Solving Gravitational Field: What Did I Do Wrong?

[UrbanXrisis]

the question is http://home.earthlink.net/~urban-xrisis/phy.jpg

g=\frac{GM}{x^2}
x=\sqrt{r^2+a^2}
g=\frac{GM}{(\sqrt{r^2+a^2})^2}
g=\frac{GM}{r^2+a^2}

since there are 2 masses...
g=2 \frac{GM}{r^2+a^2}

my book's answer is:
g=\frac{2MGr}{(r^2+a^2)^{3/2}}

what did I do wrong?

 

[Doc Al]

g=\frac{GM}{r^2+a^2}

OK, this is the field due to one of the masses. Note that it's a vector. What is its direction?

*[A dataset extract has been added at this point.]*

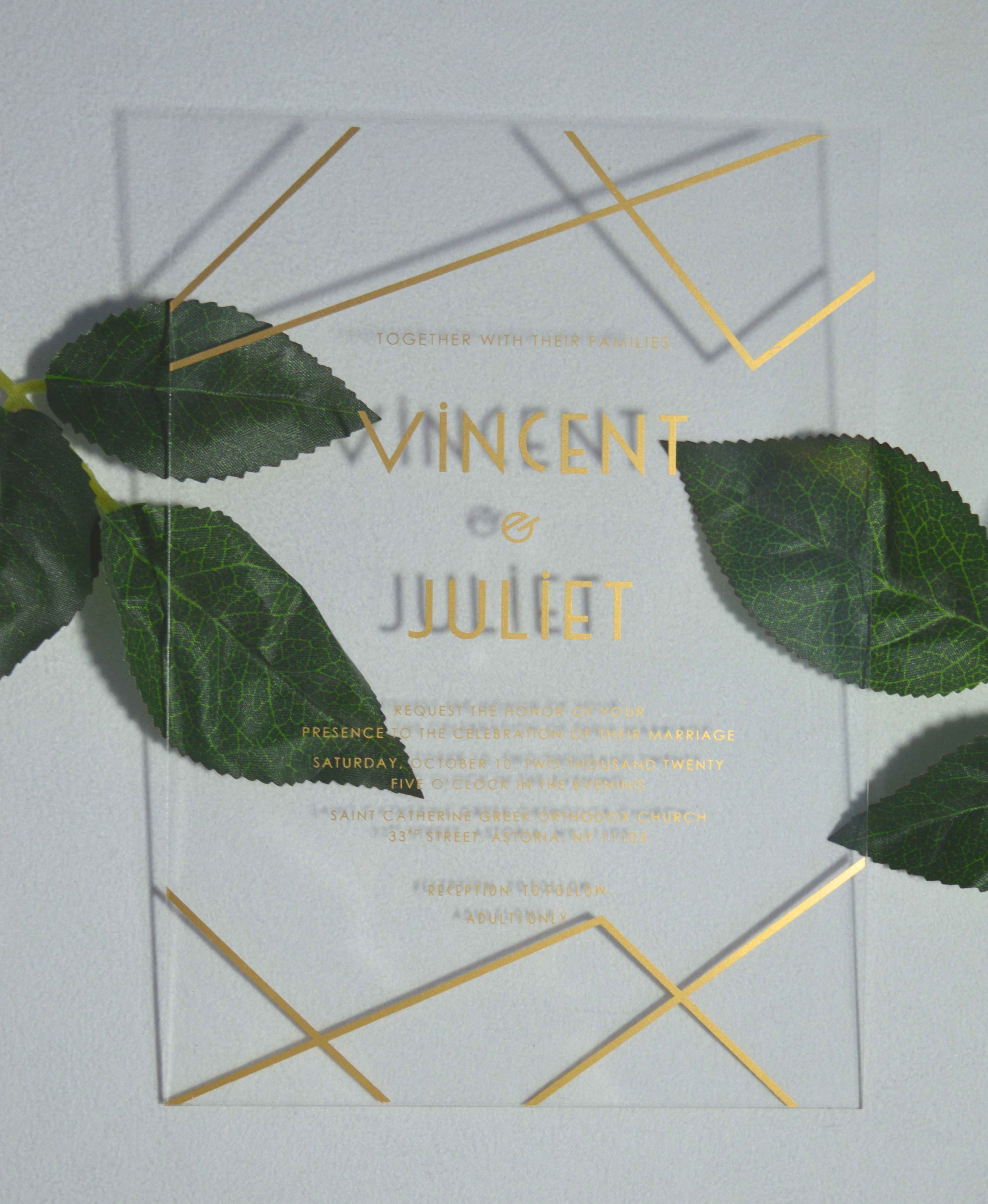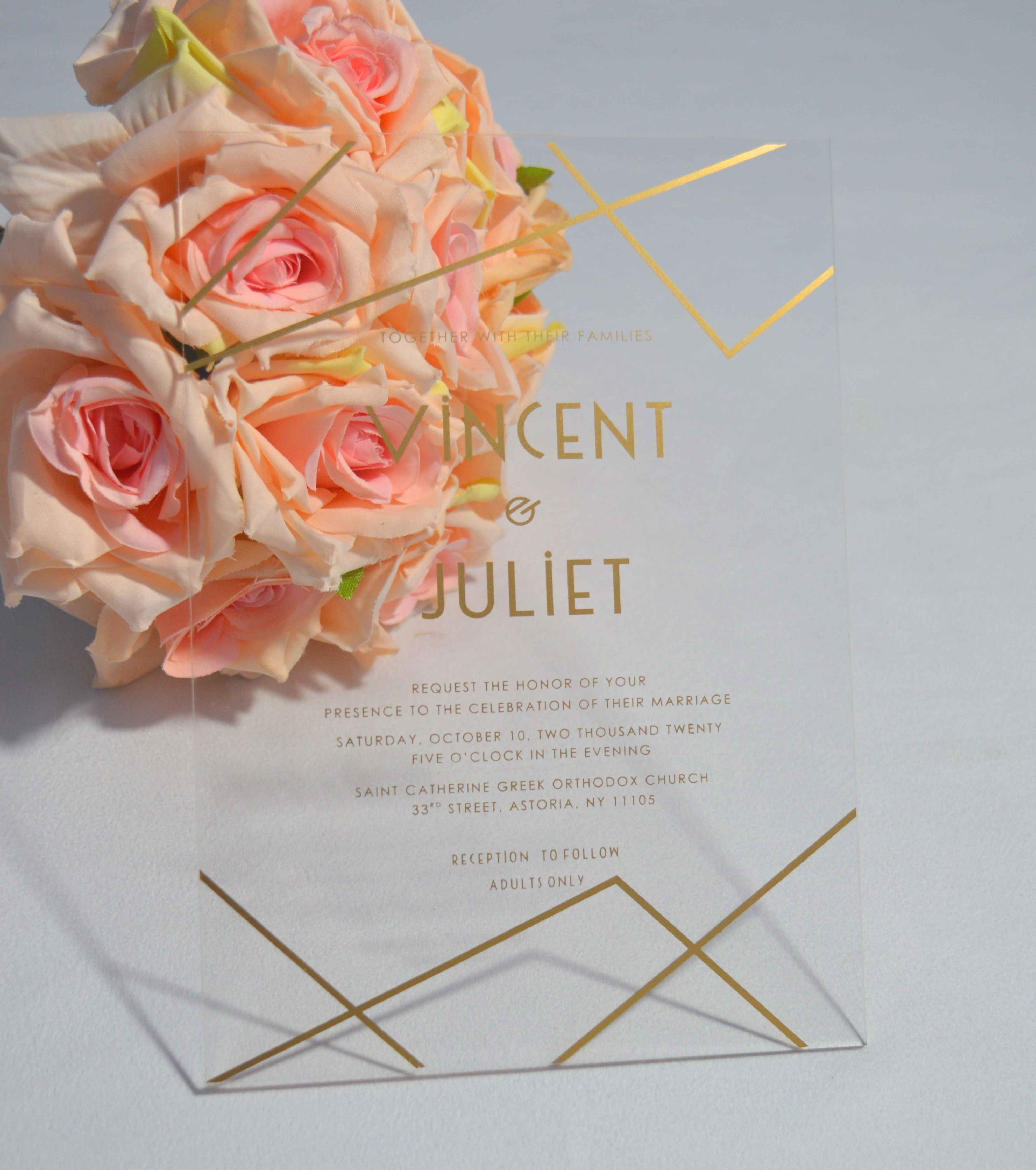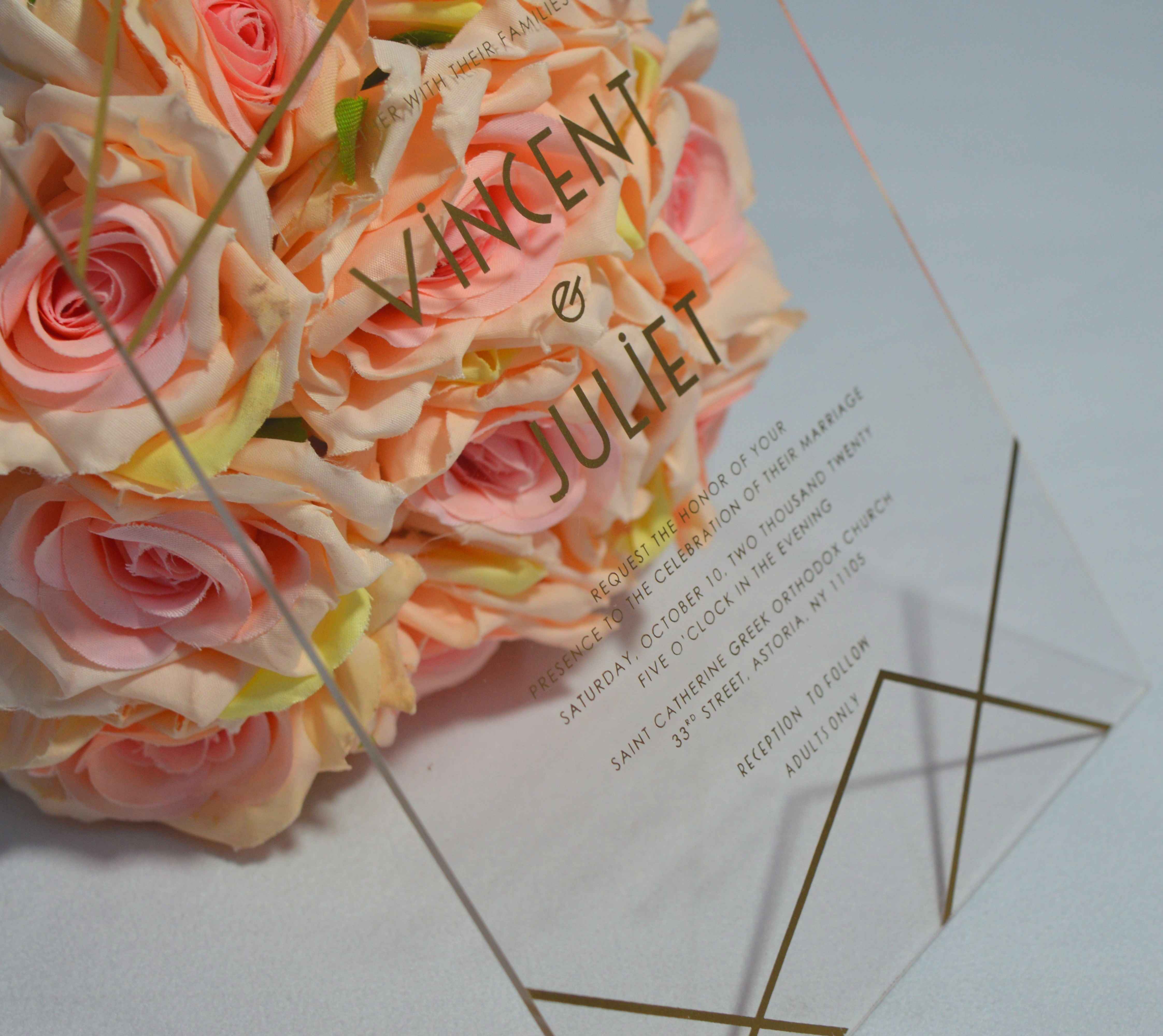πβππ πππππβπΎ πββπππ»πΌπ: A clear acrylic wedding invitation processed with laser-cut in geometric shape. The details are silk screen printed and it comes with a mailing envelope.

since there are 2 masses...
g=2 \frac{GM}{r^2+a^2}

Since the field contributions are vectors, they must be added as such. (You can double it only if the vectors were in the same direction.) Hint: The vertical components will cancel.

 

[UrbanXrisis]

horizontally:
g=\frac{GM}{r^2}+\frac{GM}{r^2}
vertically:
g=\frac{GM}{a^2}-\frac{GM}{a^2}=0

so then g would be: g=2\frac{GM}{r^2}

not quite sure what to do

 

[VietDao29]

That's WRONG.
Vertically:
\frac{GM\sin{\alpha}}{a^2 + r^2} - \frac{GM\sin{\alpha}}{a^2 + r^2} = 0
Horrizontally:
\frac{GM\cos{\alpha}}{a^2 + r^2} + \frac{GM\cos{\alpha}}{a^2 + r^2} = \frac{2GM\cos{\alpha}}{a^2 + r^2}
Find \cos{\alpha}. Can you handle it from here?
Viet Dao,

 

[UrbanXrisis]

\cos{\alpha}=\frac{r}{a^2+r^2}

g=\frac{2GM\frac{r}{a^2+r^2}}{a^2 + r^2}

?

 

[VietDao29]

That's not correct. Recheck your cos{\alpha}.
Viet Dao,